The results from our autocorrelation plots indicate a strong positive
correlation between sea temperatures in consecutive months. This means
that month-to-month data follows seasonality and will be mostly similar
to the previous month. As the time between lags is more significant, it
shows a weak correlation, again matching with seasonality.
4.4 Time Series Analysis
It seems from our EDA that we have noticed some extreme outliers in
the year of 2013. Overall though, it seems so far that claims of rising
ocean temperatures are to be true. Now that we have seen trends in our
data we can attempt to model our data for future forecasts. This will
allow us to estimate if rising sea temperatures are supposed to
continue, and if so at what rate? I have chosen to use ARIMA an model
for our forecasts. ARIMA will capture the temporal structure and
patterns within such as seasonality and autocorrelation. This should
allow for accurate predictions of future values in the time series.
Specifically, the auto.arima function is used in order to chose the best
fit ARIMA model. Keep in mind, we are utilizing “ts_data”. This time
series was used in our EDA and is composed of the mean value for all
spatial points for each month of every year. Mean values were used for
modeling due to the large size of the dataset. with over thirty million
data points, it was not possible to compute models with all points on
the equipment available to me. In addition, please not as well the
“ts_data” has been de-seasonalized during our EDA and is stationary.

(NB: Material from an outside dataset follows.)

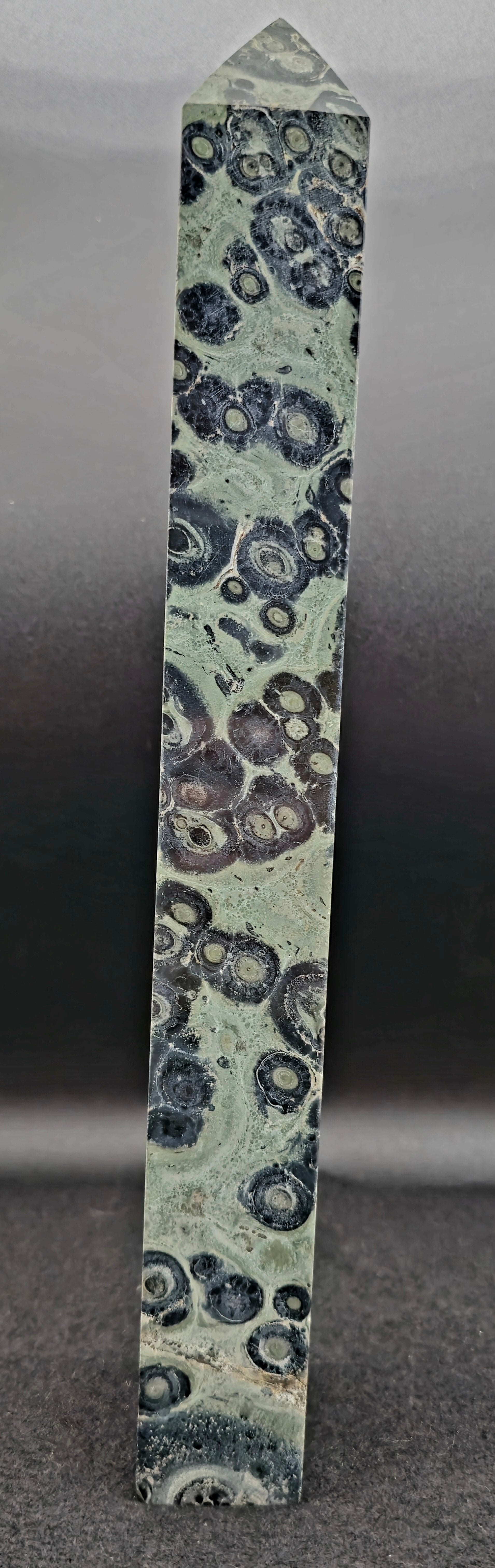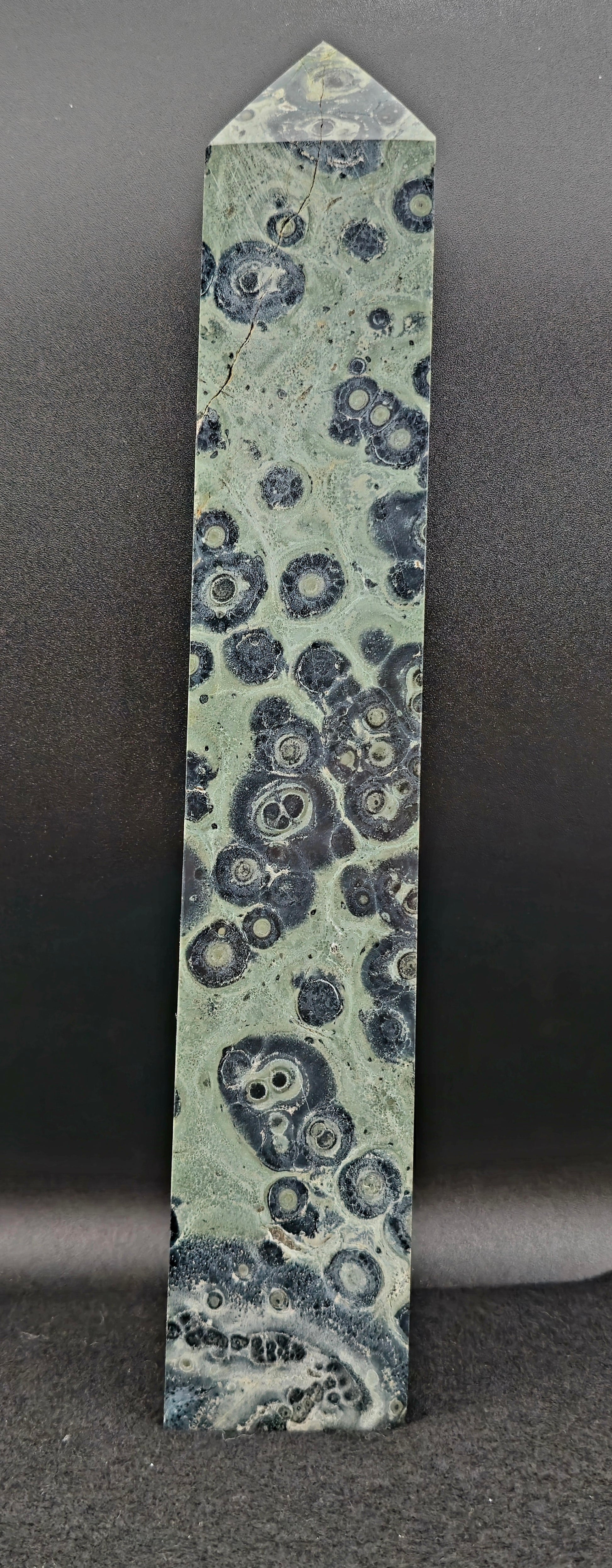 Kambaba Jasper towers are stunning natural formations crafted from Kambaba Jasper, a unique and visually striking variety of orbicular jasper. Kambaba Jasper towers are exquisite natural creations that showcase the beauty and complexity of the natural world. Their unique patterns, colors, and symbolism make them cherished and sought-after additions to any collection or space.

4.4.1 Fit the best ARIMA model
# Fit the best ARIMA model
# AR <- auto.arima(ts_data, stepwise=FALSE, approximation=FALSE, trace=TRUE)
# Best model: ARIMA(1,0,1)(0,1,1)[12]
AR <- arima(ts_data, order = c(1, 0, 1), seasonal = list(order = c(0, 1, 1), period = 12))
AR_fit <- ts_data - residuals(AR)
# Forecast 120 periods ahead
AR_forecast <- predict(AR, n.ahead = 120)
# Create a ts object for forecasts
forecast_start <- end(ts_data) + 1/12
forecast_ts <- ts(AR_forecast$pred, start = forecast_start, frequency = 12)
# Create a ts object for upper and lower bounds of the 95% prediction intervals
upper_bound_ts <- ts(AR_forecast$pred + 2 * AR_forecast$se, start = forecast_start, frequency = 12)
lower_bound_ts <- ts(AR_forecast$pred - 2 * AR_forecast$se, start = forecast_start, frequency = 12)
# Plot the original ts, forecasts, and 95% prediction intervals
ts.plot(ts_data, xlim = c(2002, 2033), main = "Original time series, AR(1) forecasts, and 95% prediction intervals")
lines(forecast_ts, col = 2, lwd = 3)
lines(upper_bound_ts, col = 2, lty = 2, lwd = 2)
lines(lower_bound_ts, col = 2, lty = 2, lwd = 2)

# Find peaks and valleys of forecasts
peak_months <- c()
valley_months <- c()
# Convert forecasts to a vector
forecast_values <- as.vector(AR_forecast$pred)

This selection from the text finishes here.